Since the 1970s, many fossilized bones of dinosaurs were discovered in Thailand, most of them in the northeastern region, and the significance of these discoveries were acknowledged all over the world. Although this resulted in outbursts of dinosaurmania (short: dinomania), especially in the Northeast where cement dinosaurs were erected in front of town halls and schools and in public and private gardens (where they soon outnumbered the exotic zebras and giraffes), the fossil reptiles from Thai soil never stirred Thai nationalism in the way beauty queens or pugilists did. Thai dinomania was fun and coincided with the waves of dinomania that conquered the world following Steven Spielberg’s classic movies Jurassic Park I and II.

Figure 2A. Excavation at Phu Kum Khao (Hill) in Kalasin’s Sahatsakhan District, 1996.

However, it is no exaggeration to state that Thailand has become one of the world’s most important graveyards of dinosaur fossils. Not only belonged many of the Thai dinosaurs to species new to science, they also provided scientists with data that led to new insights on continental drift over the past 200 million years, e.g. the time span during which parts of Gondwanaland broke off, drifted away, and at last collided and fused with the supercontinent Laurasia. Moreover, some of the fossils are truly amazing, such as the in 1995 unearthed Siamotyrannus isanensis, believed to be the oldest known relative of the fearsome, infamous Tyrannosuarus rex.
At present (2018), at least five museums in Thailand have exhibitions of the fossilized bones and models of Thai dinosaurs.
Best known sites of the fossil heritage are Phu Wiang in Khon Kaen Province, Phu Kum Khao in Kalasin’s Sahatsakhan District, and a site in Nakhon Ratchasima Province.

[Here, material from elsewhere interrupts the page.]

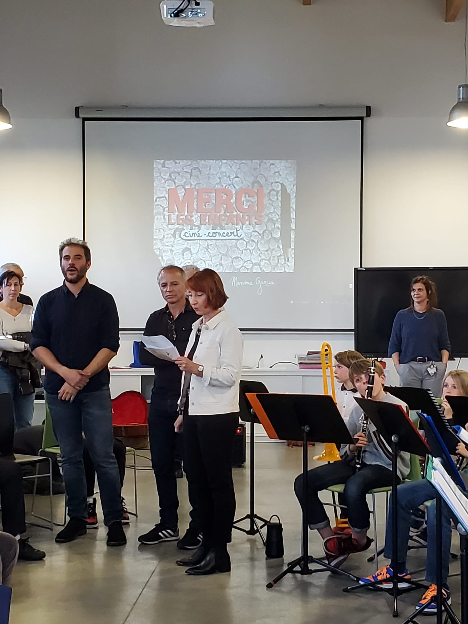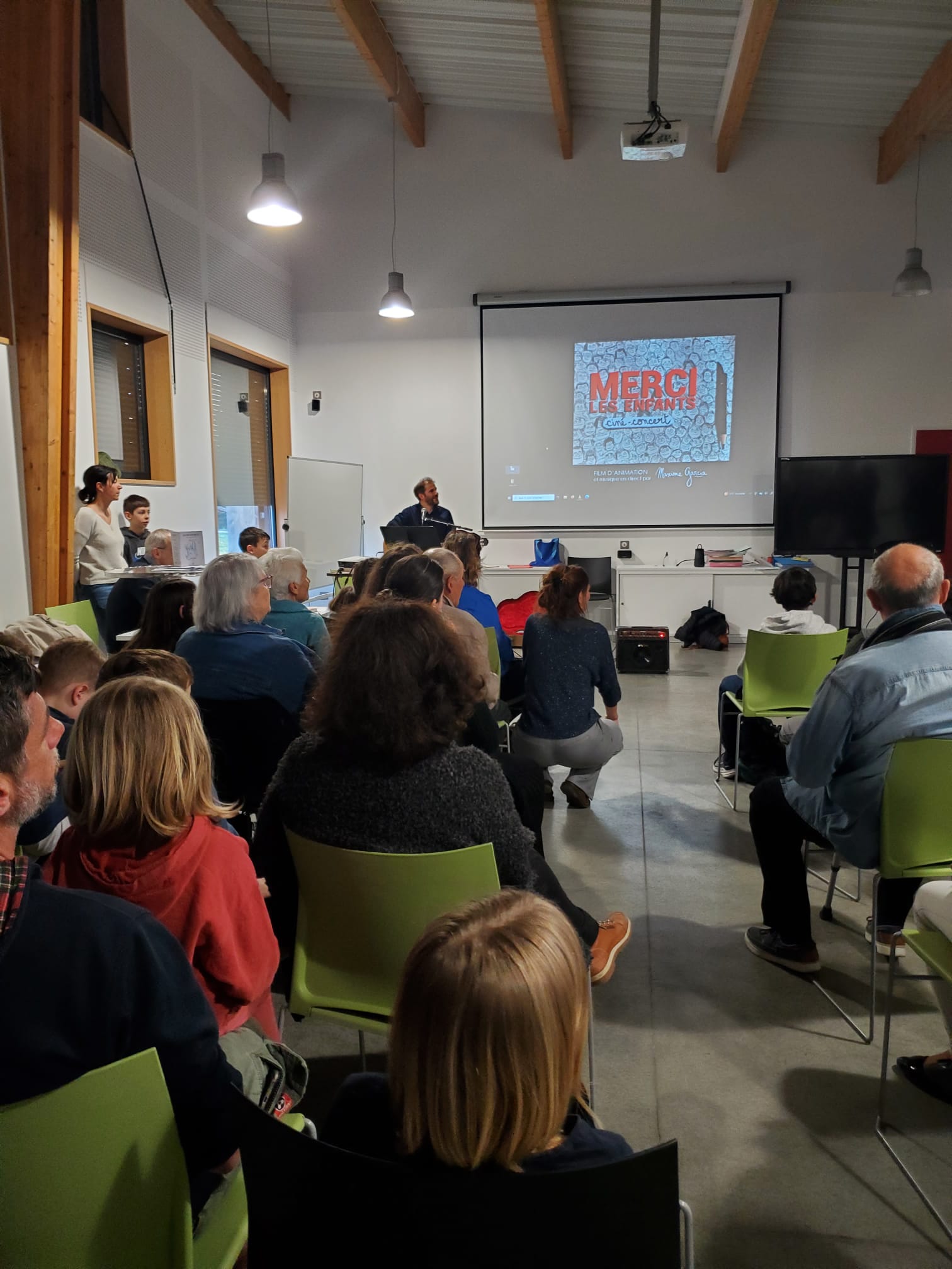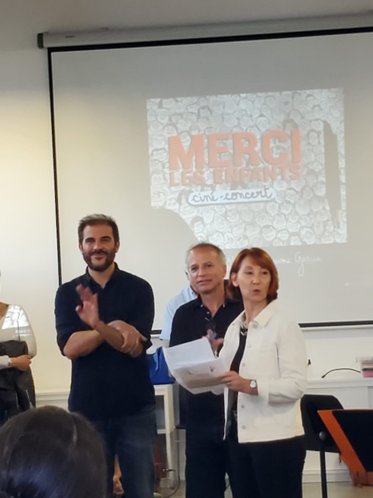 - des dessins aux crayons de couleurs, gravées à la pointe sèche, et colorées à l’encre « Merci les enfants »
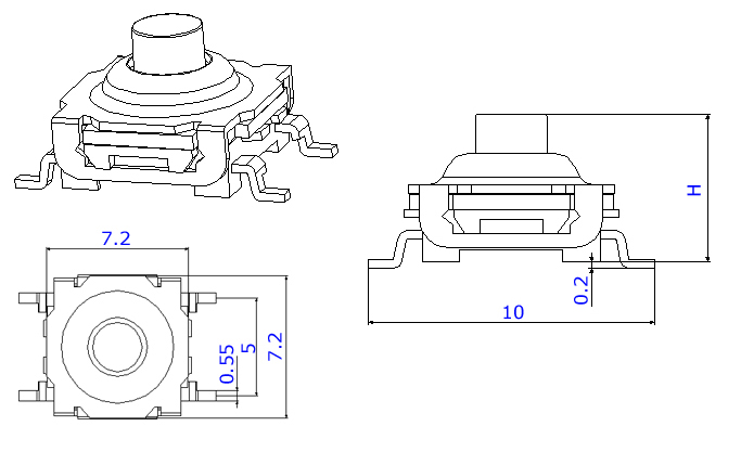 |  | | 型號規(guī)格:WSTP050系列 | 中文命名:黑防水貼片輕觸 |

Nearly all fossilized bones and footprints of the ancient reptiles originated from the Isan, but bones unearthed in Chiang Muan District, are evidence that dinosaurs also roamed the northern province of Phayao.
Dinomania in Thailand peaked in 1996 and 1997, following discoveries in Kalasin Province. E.g., in those years, the Bangkok Post published at least three main articles on dinosaurs within a few months, all focusing on the Thai geologist Varuvudh Suteethorn who was involved with the excavations.

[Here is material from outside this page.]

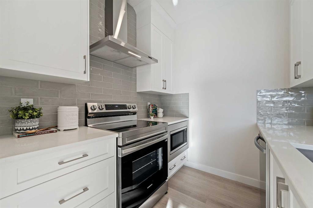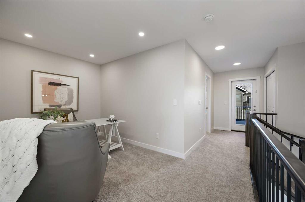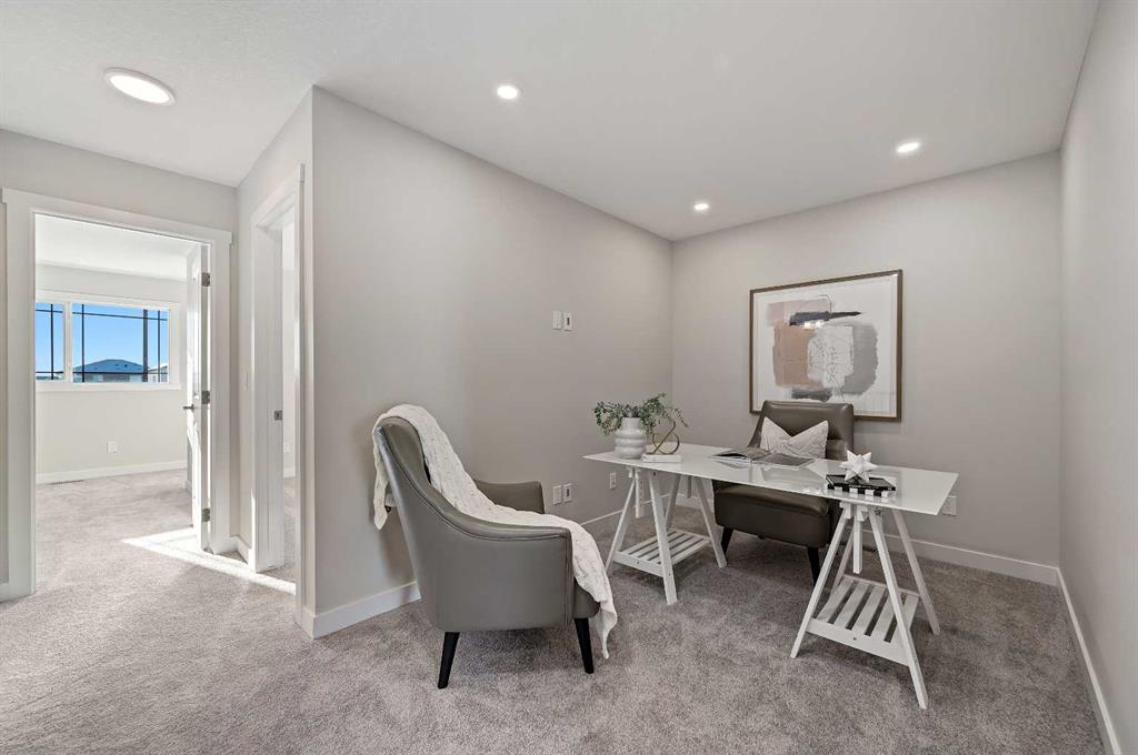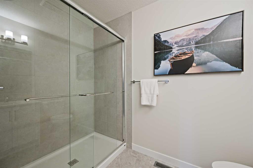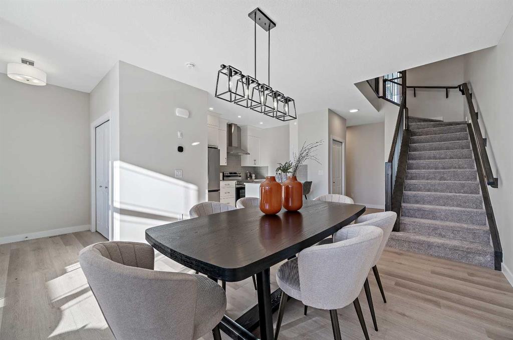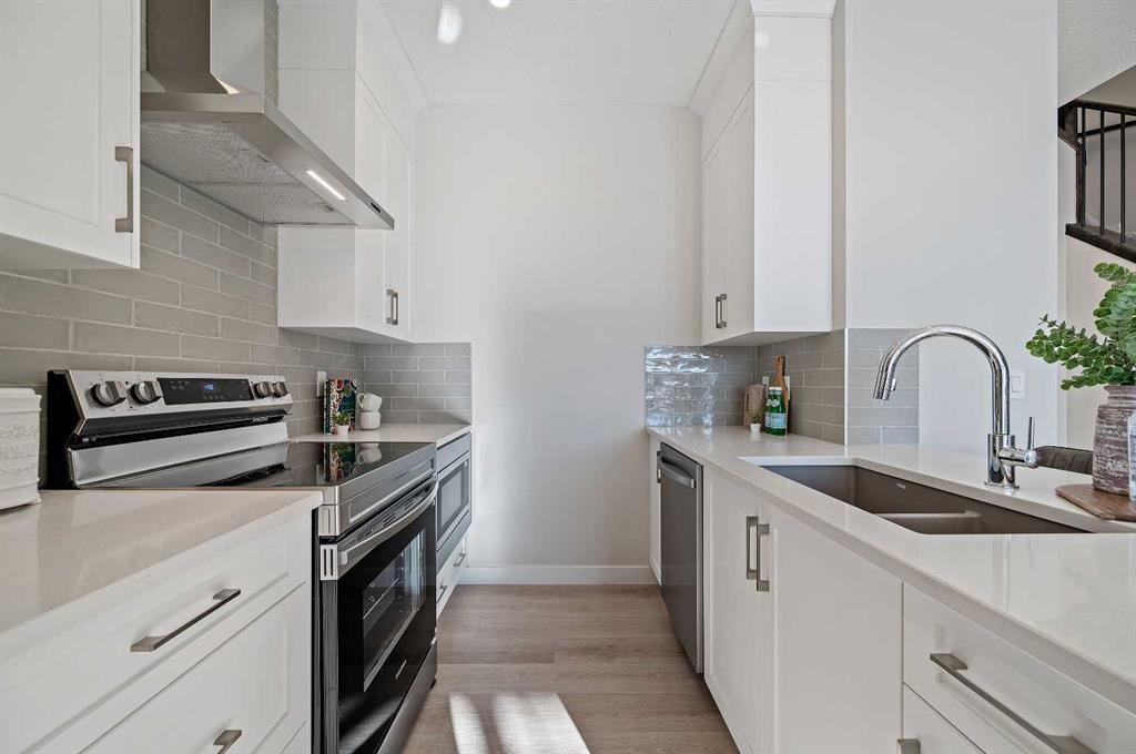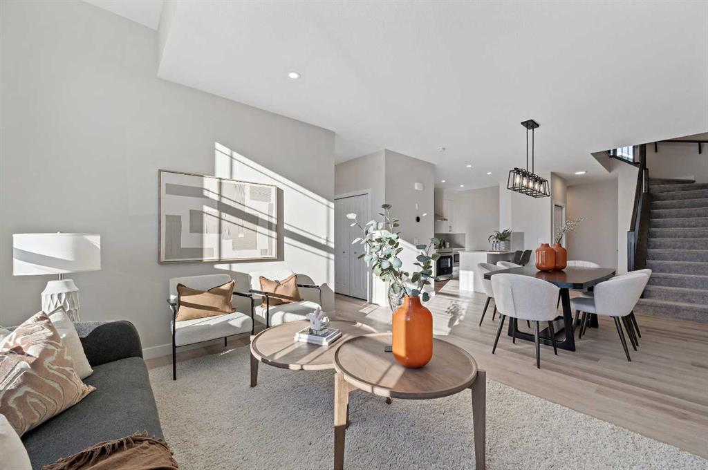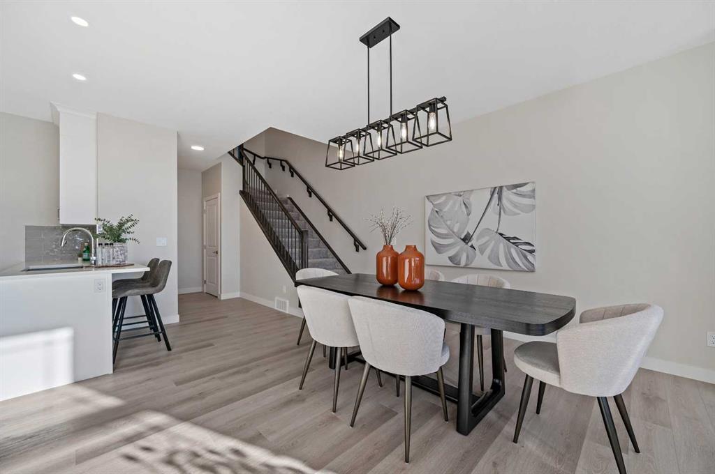 Genesis Builders introduces the Eli - a luxury street-side luxury townhome with NO CONDO FEES! The Eli townhome features an attached double garage and a rooftop patio, offering low-maintenance living. The thoughtfully designed home offers almost 1600 sq ft. plus an unfinished basement with 9-foot ceilings, ready for your ideas. Large windows and soaring ceilings on the main floor let natural light fill the open-concept living space. The chef-inspired kitchen features sleek cabinetry and stone countertops and is well-equipped with stainless-steel appliances. The kitchen is tucked away yet still feels open and inviting, providing ample room for activities in the open-concept dining and living room. A floor-to-ceiling tiled fireplace is the living room's focal point. Complementing the main floor is a convenient half bath, storage, and access to the attached double garage, which is large enough for a truck. Venturing upstairs, you will find a spacious primary retreat with a spa-like ensuite featuring a shower, his-and-hers sinks, and a walk-in closet. Two additional bedrooms, a full bathroom, a flex room, a 4-piece bathroom, and laundry facilities complete the upper level. Enjoy spending time on your upper rooftop patio, situated above the garage, which is an excellent space for entertaining. Bayview is a beautiful community with parks, benches and pathways that meander throughout the community and along the canals. Kids and adults alike will enjoy the outdoor basketball nets, gym, amphitheatre, and tennis courts, which will convert into a skating rink in the winter. Come and see for yourself all the amenities the community has to offer!

In 1996 I headed for Kalasin to bring a visit to a little excavation site near a local temple, Wat Sakawan, at the foot of a hill in Sahatsakhan District. Two years earlier, the abbot of the temple had stumbled over a piece of bone while supervising the construction of a road. More than 630 pieces of bone of at least six dinosaurs had been excavated during the following years. The memory of this trip to Sahatsakhan, twenty years ago, is still fresh, as the trip inspired me to write a column about the Thais dinosaurs for the travel section of de Volkskrant, a major Dutch newspaper (later rewritten for my website, see: Dinosauriërs in Kalasin – in Dutch).

Figure 2B. A-B. Reconstructions of Phuwiangosaurus sirindhornae at Phu Kum Khao (Hill) in Kalasin’s Sahatsakhan District. C. View from the hill.

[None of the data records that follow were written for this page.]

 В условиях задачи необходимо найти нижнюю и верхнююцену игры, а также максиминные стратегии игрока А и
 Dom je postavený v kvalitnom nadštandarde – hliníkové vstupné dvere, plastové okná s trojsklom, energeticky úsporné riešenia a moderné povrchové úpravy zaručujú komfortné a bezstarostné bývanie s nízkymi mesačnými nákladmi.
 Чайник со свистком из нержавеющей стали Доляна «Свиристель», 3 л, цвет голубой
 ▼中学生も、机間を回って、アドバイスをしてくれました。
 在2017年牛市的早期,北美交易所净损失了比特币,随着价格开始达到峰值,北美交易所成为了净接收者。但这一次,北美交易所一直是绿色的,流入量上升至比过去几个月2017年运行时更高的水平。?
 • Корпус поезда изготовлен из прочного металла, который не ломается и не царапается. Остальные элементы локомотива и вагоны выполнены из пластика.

At the main excavation site near the temple a rather complete skeleton of a Phuwiangosaurus sirindhornae (a large herbivorous dinosaur that was named in honor of Thailand’s Princess Sirindhorn) had been uncovered. A fence had been erected around the site to prevent locals to plunder it. Many pieces of bone had been chopped off from the skeleton that protruded from the rocks. Magic Buddha amulets made from dinosaur-bone were in high demand and could fetch prizes of 50 Euro or more, as it was rumored that a man had cured his terminally-ill mother with such an amulet.
On my visit, a bus load of tumultuous students from a primary school were throwing 50 satang coins through the fence into the graveyard. Thais are fascinated by ancient and bizarre objects, which are believed to be home of spirits or to possess saksit (magic powers). And in order to please these supernatural forces, they offer small coins. Alms bowls had been placed in the graveyard as receptacles for the coins thrown in their direction. One bowl was connected with the fence by means of a broad PVC-pipe for those who did not want to spill their money on the rocks—visitors could send their coins through the pipe into the alms bowl. However, for the young students throwing their coins through the fence was the high light of their excursion.
As soon as they spotted the solitary farang (white-skinned foreigner), their attention was shifted to him, and for at least a quarter of an hour I was engulfed by children who wanted their picture taken in my company. Given my popularity as a model, I was considered even more exotic and strange than the 18 meter skeleton.

Twenty years later, June 2017, I was at the hill again. A cemented road led uphill and circumvented the hill. Along the path I came across three cement statues of the Phuwiangosaurus erected near former excavation pits. But most of the fossils and reconstructed dinosaurs were to be seen in the nearby Sirindhorn Museum—Kalasin’s top attraction. As the museum was closed that day, I rescheduled my trip and headed for an open air site where the Thai ancestors of Tyrannosaurus rex had left their foot prints in the rocks.

The Phu Faek Forest Park is in Kalasin’s Huai Phueng District, about 50 km from the Sirindhorn Museum in Sahatsakhan. When I arrived at the park, it appeared that I was the only person at the site, but a little later I met two park rangers who were sweeping the area at the entrance free of shed leaves. Nearby a building was under construction, probably to become another dinosaur museum.

Figure 3. The entrance of the Phu Faek Forest Park.

Figure 4. A. B. C. Reconstructions of Siamotyrannus isanensis at the Phu Faek Forest Park, Huai Phueng District, Kalasin.

Figure 5. Petrified wood from the Phu Kradueng formation, about 150 myo.

In front of the construction site, two life size statues of the Siamotyrannus isanensis looked quite bloodthirsty, despite their relatively modest size. This possible ancestor of the giant Tyrannosaurus rex that lived 140 million years ago, at least 10 million years before its giant successor. Another attraction were the petrified tree trunks found at the hill and originating from the 150 million year old Phu Kradueng formation.
To get to the famous foot prints I had to follow a path through the deciduous forest. After 200 m or so I came to the sand stone bed of a small stream flanked by low bamboo. Slabs of sandstone had been eroded off the main rocks and lay scattered throughout the stream bed. It was easy to spot the three famous, regularly spaced prints of the clawed toes of Siamotyrannus isanensis, the most feared carnosaur (carnivorous dinosaur) of its time.

Figure 6. The stream bed with sand stone slabs.

A painted sign near the site informs the visitor that the footprints are about 140 million years old and were discovered in November 1996, during the dinomania years, by two girls aged ten and eleven.

Figure 7. The footprints of Siamotyrannus isanensis in the sandstone of the stream bed at the Phu Faek Forest Park.